コンビニコミックスとは、文字通りコンビニだけで購入できる廉価版コミックスだ。ボンボンやコロコロのような形状の雑誌といえば分かりやすいだろうか。尾玉なみえがジャンプに残した全作品を1冊に収録した「純情パイン×少年エスパーねじめ」が700円で発売。いまや、純情パインも少年エスパーねじめも廃刊し、ブックオフにも置いていない。アマゾンではプレミアが付き1200円程度に値上がりしている。これは買わなければ。

で、今日(というか、ついさっき)、「純情パイン×少年エスパーねじめ」を求めコンビにを4軒周ってきたのだがどこにも置いてなかった。売り切れたから置いてないのか、そもそも入荷しなかったのか、どちらなのだろうか。残念ながら後者の可能性のほうが高いだろうな。どうしてもこの機会に手に入れたいのだが…。

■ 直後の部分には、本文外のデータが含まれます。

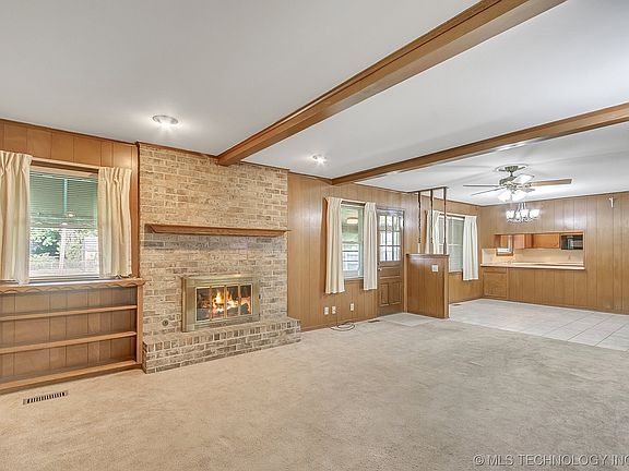 Great Tulsa property with 5 bedrooms and 2/1 baths, just under 1/2 an acre lot. Move-in-ready home with a fridge style deep freeze in the laundry room, two living areas with wood burning fireplace in the main living. Huge sunroom/mud room with windows all along the back of the house. Great size backyard with lots of room. No HOA. This home comes with the original 1967 blue prints and has only had one owner. Close access to the highways nearby and shopping. Next to ponds for fishing and private park areas.

4件目のコンビニで諦め、なんとなく「ジャンプスクエア」を立ち読みしてみると、鳥山明と桂正和のコラボレーション漫画が掲載されていた。「これは読まなければ」と思ったのだが、原作:鳥山明、漫画:桂正和に萎える。逆じゃないと意味が無いよ。「さちえちゃんグー!!」は鳥山明っぽい漫画だったけど、特別な印象は残らなかった。それよりも鳥山明と桂正和の対談の方が数倍面白かった。

「人間味を出したくない」「感動話にしたくない」「同情されるような設定は排除したい」など、いわゆるお涙頂戴的なのは大嫌いと鳥山明は言い、すぐに同情される方向に走ろうとする桂正和を批判するさまは読む価値アリ。桂正和といえば冨樫に対して「漫画家の風上にも置けない奴だ!」と批判したらしいが、今回の対談を読む限り、鳥山明もどちらかといえば冨樫寄りな気がした。安易な感動話が嫌いな所や「漫画は描けないけどネームだったらいくらでも描ける」というようなファンに対する肩透かしな発言やらも含めて。